ASSIGNMENT: Find each line below that includes "Afrum", then copy it.

INPUT MATERIAL:

◆ ◆ ◆

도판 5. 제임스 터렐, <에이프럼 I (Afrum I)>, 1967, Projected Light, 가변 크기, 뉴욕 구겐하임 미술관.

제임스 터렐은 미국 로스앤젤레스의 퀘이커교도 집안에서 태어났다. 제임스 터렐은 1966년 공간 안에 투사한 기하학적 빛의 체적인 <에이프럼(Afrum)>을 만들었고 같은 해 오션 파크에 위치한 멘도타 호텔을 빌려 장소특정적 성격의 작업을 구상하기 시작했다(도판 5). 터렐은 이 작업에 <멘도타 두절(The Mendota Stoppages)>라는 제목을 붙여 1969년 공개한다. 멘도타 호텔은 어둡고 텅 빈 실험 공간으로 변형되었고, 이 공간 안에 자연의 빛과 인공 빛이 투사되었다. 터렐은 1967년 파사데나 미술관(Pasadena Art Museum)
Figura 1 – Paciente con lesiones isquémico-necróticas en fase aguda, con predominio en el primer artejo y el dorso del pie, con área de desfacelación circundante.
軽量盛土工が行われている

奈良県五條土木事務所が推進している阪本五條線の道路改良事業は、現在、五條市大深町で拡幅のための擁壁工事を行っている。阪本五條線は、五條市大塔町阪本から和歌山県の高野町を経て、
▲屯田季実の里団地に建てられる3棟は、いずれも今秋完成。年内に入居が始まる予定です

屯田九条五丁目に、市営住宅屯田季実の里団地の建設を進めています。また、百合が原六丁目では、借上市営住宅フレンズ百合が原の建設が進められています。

◆ ◆ ◆

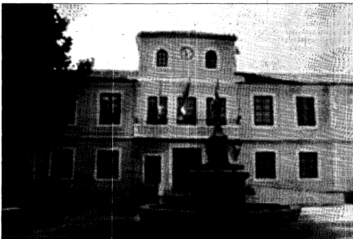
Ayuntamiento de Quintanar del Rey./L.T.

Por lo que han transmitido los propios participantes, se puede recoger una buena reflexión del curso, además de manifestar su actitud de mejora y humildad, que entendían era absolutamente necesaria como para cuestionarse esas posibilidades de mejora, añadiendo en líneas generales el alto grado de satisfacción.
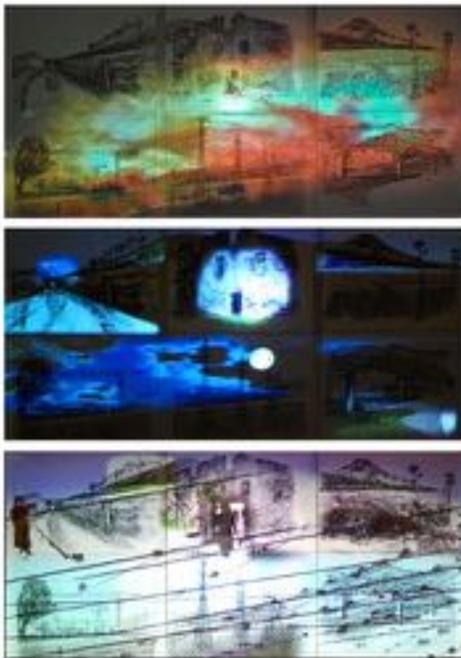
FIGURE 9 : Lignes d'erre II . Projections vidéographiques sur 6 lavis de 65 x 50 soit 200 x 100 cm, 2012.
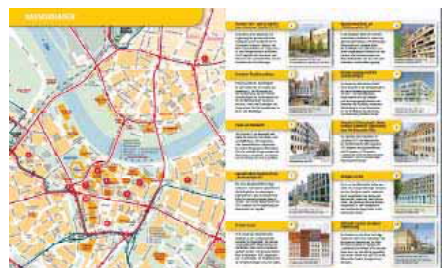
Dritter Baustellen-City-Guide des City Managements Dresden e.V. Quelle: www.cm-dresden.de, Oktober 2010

◆ ◆ ◆

EXERCISE RESPONSE:
도판 5. 제임스 터렐, <에이프럼 I (Afrum I)>, 1967, Projected Light, 가변 크기, 뉴욕 구겐하임 미술관.
제임스 터렐은 미국 로스앤젤레스의 퀘이커교도 집안에서 태어났다. 제임스 터렐은 1966년 공간 안에 투사한 기하학적 빛의 체적인 <에이프럼(Afrum)>을 만들었고 같은 해 오션 파크에 위치한 멘도타 호텔을 빌려 장소특정적 성격의 작업을 구상하기 시작했다(도판 5). 터렐은 이 작업에 <멘도타 두절(The Mendota Stoppages)>라는 제목을 붙여 1969년 공개한다. 멘도타 호텔은 어둡고 텅 빈 실험 공간으로 변형되었고, 이 공간 안에 자연의 빛과 인공 빛이 투사되었다. 터렐은 1967년 파사데나 미술관(Pasadena Art Museum)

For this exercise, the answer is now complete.